Every line of the data below that holds the string "will" needs to be reported.
### Material for the task ###
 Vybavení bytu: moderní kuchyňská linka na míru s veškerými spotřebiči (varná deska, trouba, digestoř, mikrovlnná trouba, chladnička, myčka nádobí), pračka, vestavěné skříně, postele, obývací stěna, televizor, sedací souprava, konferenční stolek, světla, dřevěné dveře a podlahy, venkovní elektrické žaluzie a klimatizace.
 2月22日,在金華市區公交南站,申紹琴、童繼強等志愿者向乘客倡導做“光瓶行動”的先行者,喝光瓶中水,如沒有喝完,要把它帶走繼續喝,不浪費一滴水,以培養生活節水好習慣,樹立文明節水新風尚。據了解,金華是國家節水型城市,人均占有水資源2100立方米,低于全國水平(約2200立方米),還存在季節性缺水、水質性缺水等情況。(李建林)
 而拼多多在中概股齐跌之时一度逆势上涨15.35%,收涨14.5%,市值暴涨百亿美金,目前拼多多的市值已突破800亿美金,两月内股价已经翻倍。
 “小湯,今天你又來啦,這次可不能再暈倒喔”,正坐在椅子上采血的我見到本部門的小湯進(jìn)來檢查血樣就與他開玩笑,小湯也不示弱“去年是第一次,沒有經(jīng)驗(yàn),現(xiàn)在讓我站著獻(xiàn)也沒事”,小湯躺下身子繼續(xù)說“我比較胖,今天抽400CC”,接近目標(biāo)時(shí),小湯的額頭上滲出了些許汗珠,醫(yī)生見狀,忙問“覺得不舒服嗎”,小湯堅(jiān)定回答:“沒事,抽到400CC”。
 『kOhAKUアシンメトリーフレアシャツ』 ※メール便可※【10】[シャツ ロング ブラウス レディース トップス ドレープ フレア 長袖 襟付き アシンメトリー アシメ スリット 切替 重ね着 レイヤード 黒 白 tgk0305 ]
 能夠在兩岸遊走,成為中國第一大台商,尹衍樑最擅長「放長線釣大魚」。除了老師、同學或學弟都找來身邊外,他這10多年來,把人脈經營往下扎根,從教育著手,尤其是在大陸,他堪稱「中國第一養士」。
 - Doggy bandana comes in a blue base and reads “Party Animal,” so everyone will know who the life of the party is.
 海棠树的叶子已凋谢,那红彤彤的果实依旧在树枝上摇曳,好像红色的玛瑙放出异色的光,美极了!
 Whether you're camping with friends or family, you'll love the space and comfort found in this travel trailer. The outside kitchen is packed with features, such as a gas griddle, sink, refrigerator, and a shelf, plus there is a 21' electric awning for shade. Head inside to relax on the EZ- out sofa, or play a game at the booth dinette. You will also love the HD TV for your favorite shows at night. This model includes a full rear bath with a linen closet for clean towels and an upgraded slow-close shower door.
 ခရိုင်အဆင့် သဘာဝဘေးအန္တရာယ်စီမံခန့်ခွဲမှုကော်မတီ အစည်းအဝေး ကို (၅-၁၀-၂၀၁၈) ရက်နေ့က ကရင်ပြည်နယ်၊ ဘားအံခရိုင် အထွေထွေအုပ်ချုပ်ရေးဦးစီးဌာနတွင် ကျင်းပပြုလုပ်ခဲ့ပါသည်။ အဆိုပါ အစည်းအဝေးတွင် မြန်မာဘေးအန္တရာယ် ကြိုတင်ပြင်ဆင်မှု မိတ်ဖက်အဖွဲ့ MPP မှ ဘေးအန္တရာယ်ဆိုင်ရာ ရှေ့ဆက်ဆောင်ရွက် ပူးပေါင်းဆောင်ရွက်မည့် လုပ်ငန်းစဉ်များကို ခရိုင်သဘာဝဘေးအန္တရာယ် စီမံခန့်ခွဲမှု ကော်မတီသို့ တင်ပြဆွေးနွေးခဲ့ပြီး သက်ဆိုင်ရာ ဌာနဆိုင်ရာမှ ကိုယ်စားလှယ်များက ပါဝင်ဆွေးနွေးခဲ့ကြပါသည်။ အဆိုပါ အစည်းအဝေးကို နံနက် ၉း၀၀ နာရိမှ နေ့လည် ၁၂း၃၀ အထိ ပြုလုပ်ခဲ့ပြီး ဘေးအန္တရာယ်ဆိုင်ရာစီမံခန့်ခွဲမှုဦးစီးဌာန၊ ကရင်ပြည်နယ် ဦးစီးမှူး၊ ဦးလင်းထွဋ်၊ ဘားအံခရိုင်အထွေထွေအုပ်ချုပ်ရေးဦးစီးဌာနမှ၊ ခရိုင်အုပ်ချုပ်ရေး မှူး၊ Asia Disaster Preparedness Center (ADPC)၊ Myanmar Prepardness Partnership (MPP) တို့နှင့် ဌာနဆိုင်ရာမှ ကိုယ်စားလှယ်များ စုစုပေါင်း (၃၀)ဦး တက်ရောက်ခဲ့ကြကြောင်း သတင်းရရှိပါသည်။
###
- _Expected answer_
 - Doggy bandana comes in a blue base and reads “Party Animal,” so everyone will know who the life of the party is.
 Whether you're camping with friends or family, you'll love the space and comfort found in this travel trailer. The outside kitchen is packed with features, such as a gas griddle, sink, refrigerator, and a shelf, plus there is a 21' electric awning for shade. Head inside to relax on the EZ- out sofa, or play a game at the booth dinette. You will also love the HD TV for your favorite shows at night. This model includes a full rear bath with a linen closet for clean towels and an upgraded slow-close shower door.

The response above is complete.